Is autologous transplant in relapsed DLBCL patients achieving only a PET+ PR appropriate in the CAR T-cell era?

For relapsed chemosensitive diffuse large B-cell lymphoma (DLBCL), consolidation with autologous hematopoietic cell transplantation (auto-HCT) is a standard option. With the approval of anti-CD19 chimeric antigen receptor T cells in 2017, the Center for International Blood and Marrow Transplant Research (CIBMTR) reported a 45% decrease in the number of auto-HCTs for DLBCL in the United States. Using the CIBMTR database, we identified 249 relapsed DLBCL patients undergoing auto-HCT from 2003 to 2013 with a positive positron emission tomography/computed tomography (PET/CT)+ partial response prior to transplant were identified. The study cohort was divided into 2 groups: early chemoimmunotherapy failure (ECF), defined as patients with primary refractory disease (PRefD) or relapse within 12 months of diagnosis and late chemoimmunotherapy failure, defined as patients relapsing after ≥12 months. Primary outcome was overall survival (OS). Secondary outcomes included progression-free survival (PFS) and relapse. A total of 182 patients had ECF, whereas 67 did not.
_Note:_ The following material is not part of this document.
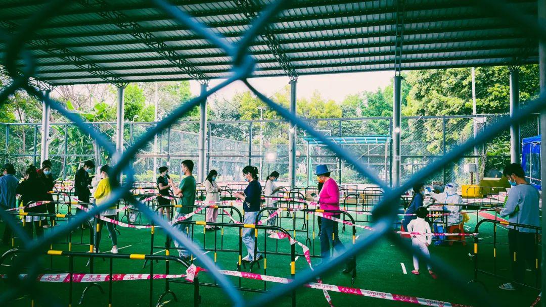 3月20日拍摄于布吉国展社区国展苑门球场核酸检测点。大家排队做核酸,有序遵守着“一米距”的规定。为了抗击疫情,每一个普通人都在努力。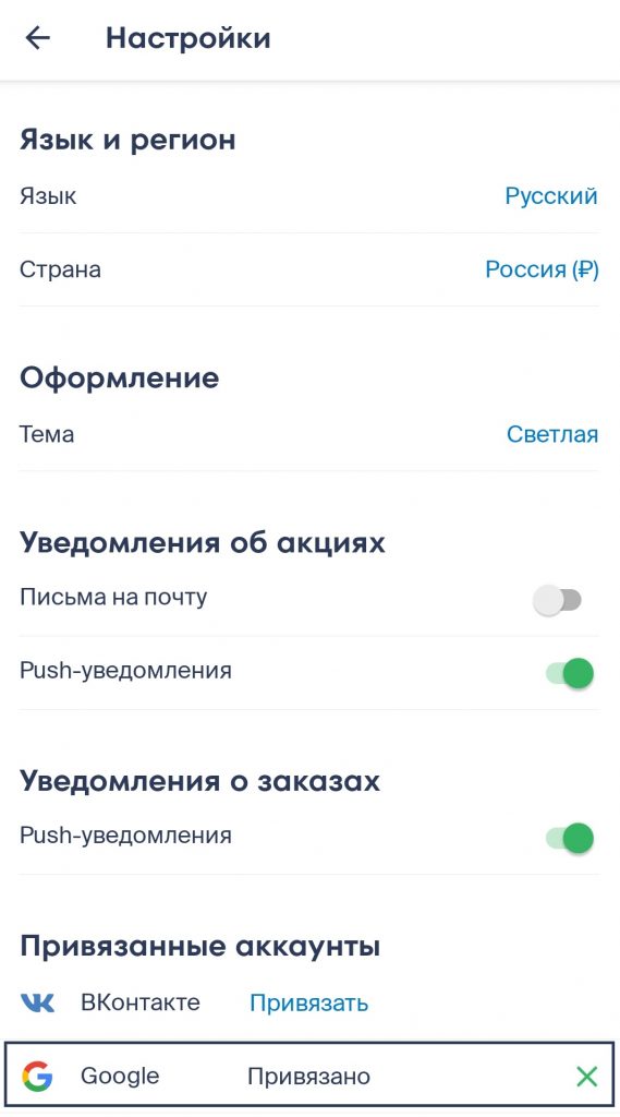 2. Пролистайте до блока Привязанные аккаунты и нажмите на крестик напротив выбранной платформы.

Among ECF cohort, 79% had PRefD. The adjusted 5-year probabilities for PFS and OS (ECF vs no ECF) were not different: 41% vs 41% (P = .93) and 51% vs 63% (P = .09), respectively. On multivariate analysis, ECF patients had an increased risk for death (hazard ratio, 1.61; 95% confidence interval, 1.05-2.46; P = .03) but not for PFS or relapse. In conclusion, for relapsed chemosensitive DLBCL patients with residual PET/CT+ disease prior to auto-HCT, the adjusted 5-year PFS (41%) was comparable, irrespective of time to relapse. These data support ongoing application of auto-HCT in chemosensitive DLBCL.